Logistic Regression Implementation using Python

6 minute read

Logistic Regression

Basic Assumptions:
1) target variable y is binary and follows Bernoulli distribution
2) independent variable should have little or no collinearity
3) linearly related to the log odds
4) should have sufficient amount of data
5) Model parameters are estimated using gradient descent or Max Conditional Likelihood estimation

Problem Statement

The objective is to predict whether an individual will default on his credit card payment, on the basis of his bank balanc, income and whether he is a student or not

Dataset can be downloaded from here.

A simulated data set containing information on ten thousand customers.

import pandas as pd
import numpy as np
import matplotlib.pyplot as plt
!pip install xlrd
org_data = pd.read_excel("LogisticRegressionDemo.xlsx")
Requirement already satisfied: xlrd in c:\users\i330087\appdata\local\continuum\anaconda3\lib\site-packages (1.2.0)
#org_data = org_data.drop(['Unnamed: 0'], axis=1)
org_data.head()
Unnamed: 0 default student balance income
0 1 No No 729.526495 44361.625074
1 2 No Yes 817.180407 12106.134700
2 3 No No 1073.549164 31767.138947
3 4 No No 529.250605 35704.493935
4 5 No No 785.655883 38463.495879
# check the data set dimensions and obtain basic information. <br> shape attribute provides data size i.e. no of obs as rows and no. of features as columns.<br>
# describe function provides statistical summary
print(org_data.shape)
org_data = org_data.drop(['Unnamed: 0'], axis=1)
org_data.info()
# Try org_data.describe() for printing the statistical summary
(10000, 5)
<class 'pandas.core.frame.DataFrame'>
RangeIndex: 10000 entries, 0 to 9999
Data columns (total 4 columns):
default    10000 non-null object
student    10000 non-null object
balance    10000 non-null float64
income     10000 non-null float64
dtypes: float64(2), object(2)
memory usage: 312.6+ KB

Notice that there are no missing values in the dataset. All columns have non-null values

Print the number of positive and negative instances

print(org_data.default.value_counts())
No     9667
Yes     333
Name: default, dtype: int64

A heavily class imbalanced problem with only 3.5% non-defaulters

data = org_data[['default',"student",'balance','income']]
data = data[1:1000]
print(data.shape)
data.default.value_counts()
#data.head()
(999, 4)





No     961
Yes     38
Name: default, dtype: int64

Since the response variable “default” and the predictor student have categorical values in the form of “yes” and “no”, it is important to encode them using 0/1 form to feed as input to the model.
factorize() method is used to perform this conversion

data['default'],default_unique = data['default'].factorize()
data['student'], st_unique = data['student'].factorize()
print("unique student labels",st_unique)
print("unique default labels",default_unique)
data.head()
unique student labels Index(['Yes', 'No'], dtype='object')
unique default labels Index(['No', 'Yes'], dtype='object')
default student balance income
1 0 0 817.180407 12106.134700
2 0 1 1073.549164 31767.138947
3 0 1 529.250605 35704.493935
4 0 1 785.655883 38463.495879
5 0 0 919.588530 7491.558572

This implies that student=’Yes’ is encoded as 0 and student=’No’ is encoded as 1. Similarly, default=’No’ is encoded as 0 and default=’yes’ as 1.

data.corr()
default student balance income
default 1.000000 -0.018135 0.360888 0.014253
student -0.018135 1.000000 -0.227472 0.755412
balance 0.360888 -0.227472 1.000000 -0.137466
income 0.014253 0.755412 -0.137466 1.000000

the highest correlation between default and the other predictors is with Balance. Thus, balance has strong infulence on whether the candidate will default on his credit payment or not. The correlation beween student and income is much lesser.

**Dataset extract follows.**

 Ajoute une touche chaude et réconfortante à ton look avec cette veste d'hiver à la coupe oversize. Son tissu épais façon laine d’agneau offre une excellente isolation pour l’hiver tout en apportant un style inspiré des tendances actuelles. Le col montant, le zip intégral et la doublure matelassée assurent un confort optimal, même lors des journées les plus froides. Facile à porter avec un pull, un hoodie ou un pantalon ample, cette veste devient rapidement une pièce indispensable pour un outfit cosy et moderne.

student has negative correlation with default i.e. chances of a student defaulting is lesser than that of a non-student defaulting. Also notice the high positive correlation between student and income, negative correlation between student and balance.

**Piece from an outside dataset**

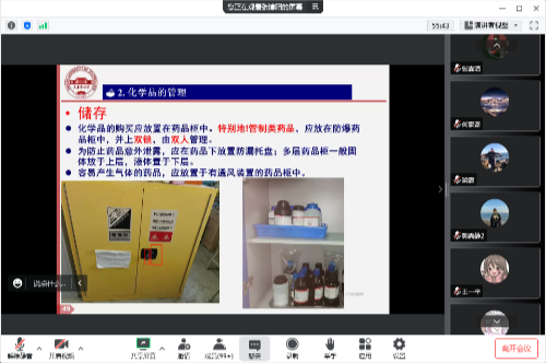 随后,学院科研秘书刘珊、化工系专业教师张博阳分别从“研究生培养方案、学籍学位管理、实验室安全”等方面进行详细讲解。张老师结合近几年高校实验室发生的安全事例,梳理实验室常见安全隐患,分析安全事故易发诱因、预防措施,讲述危险化学品的安全管理与个人防护,以及安全注意事项,强调全体学生要增强自身安全意识、安全知识水平,遵守各项安全规定,切实维护好实验室的安全运行。

It will be good to explore this for different subsets and then the entire dataset to notice the change in these correlation coefficients and observe true relatinship

Visualize relationship between response vs predictors

The response variable for a binary linear regression problem has only two options: 0/1, creating a scatter plot is not helpful here. Instead, box plots and contingency tables provide good understanding of the data.

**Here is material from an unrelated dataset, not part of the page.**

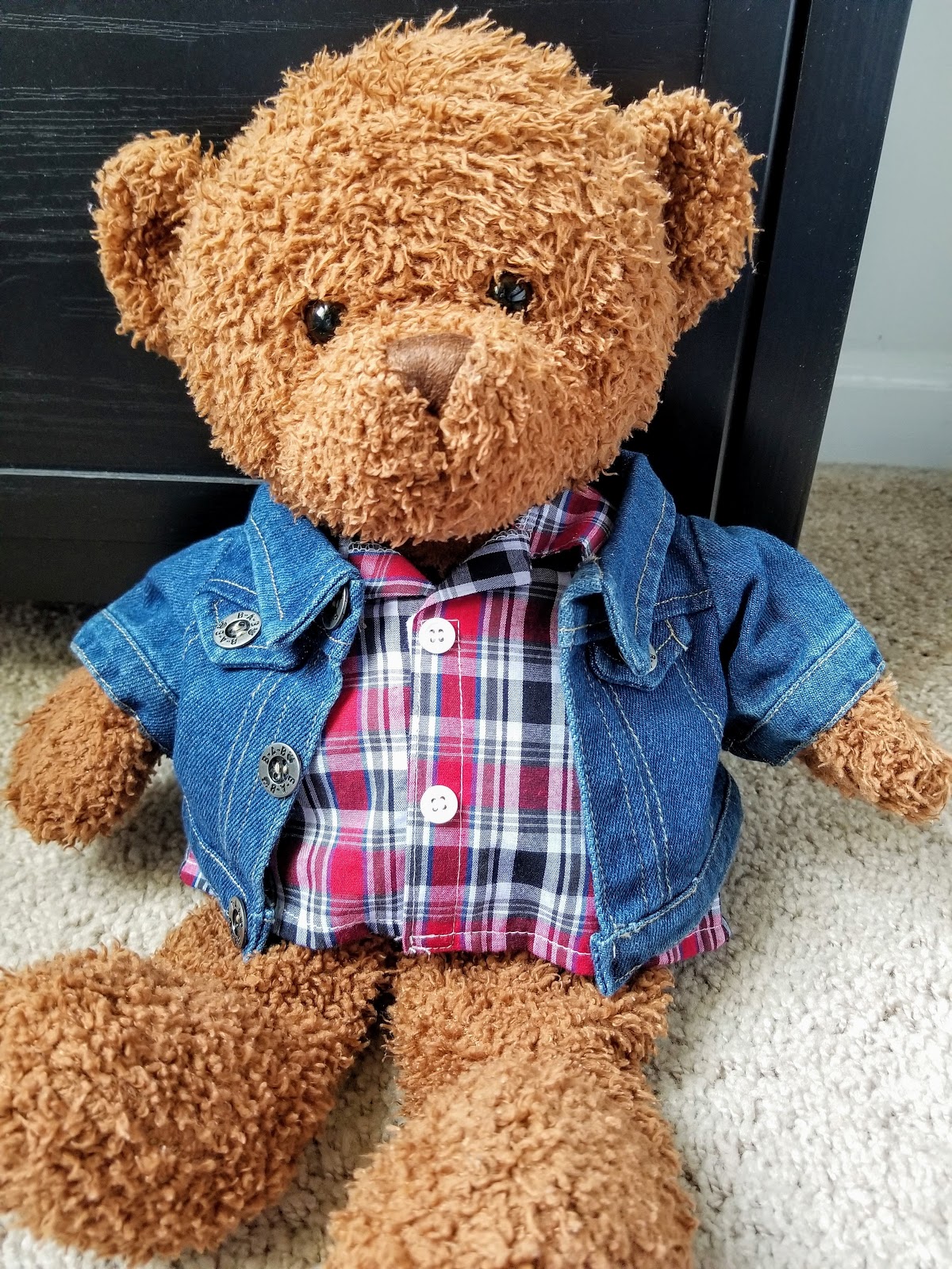 The red plaid shirt has small buttons on the front. And the denim jean jacket is really detailed with two little pockets on the front – a great fit!

pd.crosstab(data.student, data.default).plot(kind='bar')
<matplotlib.axes._subplots.AxesSubplot at 0x255e04307b8>

LogisticRegression

Is student a good indicator of defaulter? For defaulter = NO, i.e. non-deafulters, the difference between student=yes(0) and non-student is very prominent i.e. chances of student defaulting is much less than the chances of non-students defaulting. But for defaulters, the distinction is not that significant.

# boxplot
data.boxplot(column='balance',by='default')

<matplotlib.axes._subplots.AxesSubplot at 0x255e069c9b0>

LogisticRegression

The purpose of visualization is to think about questions such as: What does this bar chart or box plot convey?
There is a huge difference in balance between defaulters and non-defaulters. Check for income vs default as well.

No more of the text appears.